Problem: Return each line of the material below exactly. Begin at the first and end on the line with "Коричневая маска из".

Data records:
···

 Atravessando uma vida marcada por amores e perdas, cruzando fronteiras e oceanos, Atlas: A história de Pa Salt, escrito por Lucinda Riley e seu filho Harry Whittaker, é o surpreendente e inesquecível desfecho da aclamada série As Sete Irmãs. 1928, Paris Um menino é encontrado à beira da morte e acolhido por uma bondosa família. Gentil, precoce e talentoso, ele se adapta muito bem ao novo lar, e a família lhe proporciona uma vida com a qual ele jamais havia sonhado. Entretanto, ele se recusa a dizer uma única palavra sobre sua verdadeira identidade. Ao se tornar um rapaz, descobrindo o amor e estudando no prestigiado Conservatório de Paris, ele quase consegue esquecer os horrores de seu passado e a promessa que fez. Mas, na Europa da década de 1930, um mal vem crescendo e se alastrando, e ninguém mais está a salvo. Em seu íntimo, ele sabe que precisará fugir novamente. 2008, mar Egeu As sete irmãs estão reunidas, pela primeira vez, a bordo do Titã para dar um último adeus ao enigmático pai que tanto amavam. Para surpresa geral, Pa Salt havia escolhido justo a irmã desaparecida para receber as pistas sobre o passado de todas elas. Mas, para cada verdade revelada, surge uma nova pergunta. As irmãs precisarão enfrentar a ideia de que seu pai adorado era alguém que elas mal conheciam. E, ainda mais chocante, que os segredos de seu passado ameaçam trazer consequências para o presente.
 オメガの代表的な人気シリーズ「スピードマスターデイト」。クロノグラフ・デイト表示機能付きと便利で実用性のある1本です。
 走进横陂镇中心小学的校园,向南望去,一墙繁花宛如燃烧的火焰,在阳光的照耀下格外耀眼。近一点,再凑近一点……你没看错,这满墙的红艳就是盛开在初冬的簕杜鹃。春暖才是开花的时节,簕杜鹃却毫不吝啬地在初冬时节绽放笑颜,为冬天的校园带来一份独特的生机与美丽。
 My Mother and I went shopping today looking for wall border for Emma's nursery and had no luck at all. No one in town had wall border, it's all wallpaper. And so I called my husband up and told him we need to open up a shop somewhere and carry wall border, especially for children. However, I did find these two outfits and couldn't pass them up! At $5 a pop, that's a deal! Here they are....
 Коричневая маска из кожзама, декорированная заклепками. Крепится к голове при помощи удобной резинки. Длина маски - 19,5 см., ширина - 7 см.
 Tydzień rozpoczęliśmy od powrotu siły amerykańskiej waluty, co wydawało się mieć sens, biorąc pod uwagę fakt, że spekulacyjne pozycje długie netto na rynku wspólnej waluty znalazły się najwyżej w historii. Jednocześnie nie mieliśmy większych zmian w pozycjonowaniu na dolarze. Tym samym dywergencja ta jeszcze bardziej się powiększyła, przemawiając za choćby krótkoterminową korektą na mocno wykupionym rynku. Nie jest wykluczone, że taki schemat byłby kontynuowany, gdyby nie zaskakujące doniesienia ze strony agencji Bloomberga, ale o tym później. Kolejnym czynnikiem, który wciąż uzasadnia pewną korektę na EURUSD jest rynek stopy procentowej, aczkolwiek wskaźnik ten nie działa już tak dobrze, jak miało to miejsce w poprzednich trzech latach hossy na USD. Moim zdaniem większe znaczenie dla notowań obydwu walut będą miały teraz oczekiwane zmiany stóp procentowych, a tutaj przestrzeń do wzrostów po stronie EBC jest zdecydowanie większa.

···

Reply:
 Atravessando uma vida marcada por amores e perdas, cruzando fronteiras e oceanos, Atlas: A história de Pa Salt, escrito por Lucinda Riley e seu filho Harry Whittaker, é o surpreendente e inesquecível desfecho da aclamada série As Sete Irmãs. 1928, Paris Um menino é encontrado à beira da morte e acolhido por uma bondosa família. Gentil, precoce e talentoso, ele se adapta muito bem ao novo lar, e a família lhe proporciona uma vida com a qual ele jamais havia sonhado. Entretanto, ele se recusa a dizer uma única palavra sobre sua verdadeira identidade. Ao se tornar um rapaz, descobrindo o amor e estudando no prestigiado Conservatório de Paris, ele quase consegue esquecer os horrores de seu passado e a promessa que fez. Mas, na Europa da década de 1930, um mal vem crescendo e se alastrando, e ninguém mais está a salvo. Em seu íntimo, ele sabe que precisará fugir novamente. 2008, mar Egeu As sete irmãs estão reunidas, pela primeira vez, a bordo do Titã para dar um último adeus ao enigmático pai que tanto amavam. Para surpresa geral, Pa Salt havia escolhido justo a irmã desaparecida para receber as pistas sobre o passado de todas elas. Mas, para cada verdade revelada, surge uma nova pergunta. As irmãs precisarão enfrentar a ideia de que seu pai adorado era alguém que elas mal conheciam. E, ainda mais chocante, que os segredos de seu passado ameaçam trazer consequências para o presente.
 オメガの代表的な人気シリーズ「スピードマスターデイト」。クロノグラフ・デイト表示機能付きと便利で実用性のある1本です。
 走进横陂镇中心小学的校园,向南望去,一墙繁花宛如燃烧的火焰,在阳光的照耀下格外耀眼。近一点,再凑近一点……你没看错,这满墙的红艳就是盛开在初冬的簕杜鹃。春暖才是开花的时节,簕杜鹃却毫不吝啬地在初冬时节绽放笑颜,为冬天的校园带来一份独特的生机与美丽。
 My Mother and I went shopping today looking for wall border for Emma's nursery and had no luck at all. No one in town had wall border, it's all wallpaper. And so I called my husband up and told him we need to open up a shop somewhere and carry wall border, especially for children. However, I did find these two outfits and couldn't pass them up! At $5 a pop, that's a deal! Here they are....
 Коричневая маска из кожзама, декорированная заклепками. Крепится к голове при помощи удобной резинки. Длина маски - 19,5 см., ширина - 7 см.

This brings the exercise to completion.